# Sentinel vs spire?



## megablue (Jul 20, 2020)

Hey guys, has anyone ridden both the new sentinel and the spire and can tell me the real world differences? On paper they really aren’t that different but I’m curious about on trail feel.
I currently own a spire, which is definitely too much bike for 90% of my riding but I have a lot of fun on it. I got it because due to storage restraints, I can only have one bike and I travel into pisgah, carvins cove, snowshoe, etc semi regularly. I also do multiple bike park trips in the summer so I wanted something to handle everything I could ride. So I’m wondering if switching to a sentinel would be beneficial to the majority of my riding or if the two really don’t feel much different and it would be a waste of time.

Im really bad about changing frames pretty often mainly due to FOMO on something better and because I genuinely enjoy trying new companies and frames. So I want to see if this is even rational. Thanks!


----------



## VThuckster (Jul 10, 2010)

Might want to post in the Transition forum. I was on a V1 Sentinel with the cascade link which is basically a V2 Sentinel. I have ridden the V2 and it felt very similar. I prefer the Spire everywhere. Climbs as well, and is somehow more stable in slow speed tech whether it’s on a climb, a flat section or down. And for down hill there is no comparison.

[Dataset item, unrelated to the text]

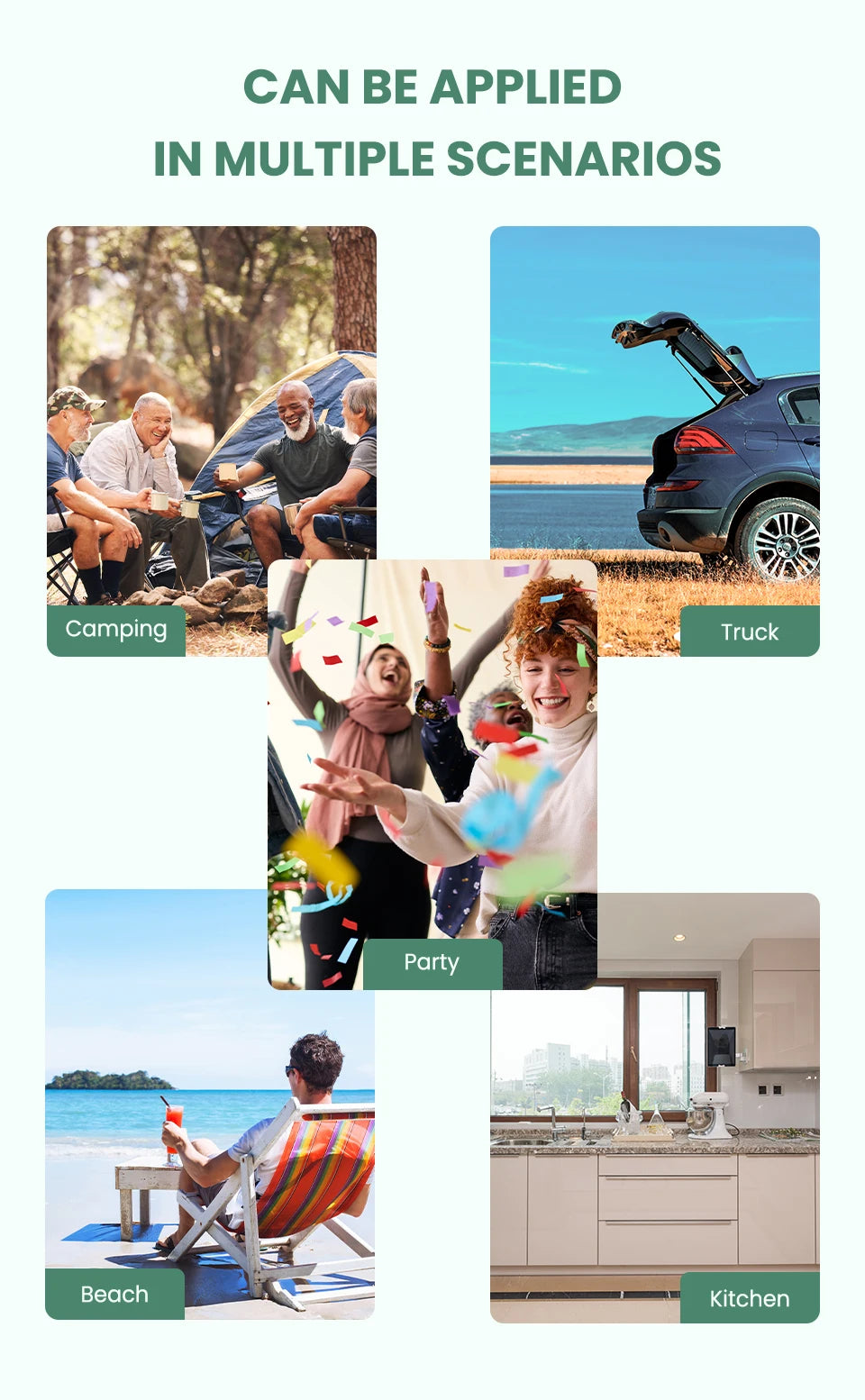 To ensure the safety of your vehicle's battery, this camping fridge offers three levels of battery voltage protection (H/M/L), to prevent the electric cooler draining your car’s battery. When it detects low battery voltage of your vehicle, it will automatically stop working. Additionally, the RV fridge supports two power supply options, 100/240V AC or 12V/24V DC, providing flexibility for usage anywhere.

It’s not the best bike for smooth flowy trails, but neither is the sentinel. In short, F FOMO and keep your frame.


----------



## HEMIjer (Jul 17, 2008)

Never ridden either but did some recent research in my search for a longer travel baike recently nad had both on the list, at first wasn't even interested in Spire but they were in sotck with some vendors I trust. Bottom line conclusion I came to was as trail bike the Spire was going to be long and maybe not ideal with tight twisty stuff we have here on east coast but stable on long descents. For park type stuff or fireroad up singletrack down spire gonna be great options for cross between trail and almost but not quite modern endure sentinel gonna be great choice. So many other bikes in the 160ish category also that you should at least consider. In the end I went totally different direction. probably cant go wrong good luck. There are good reviews in the transition forum and multiple you tube videos comparing the 2


----------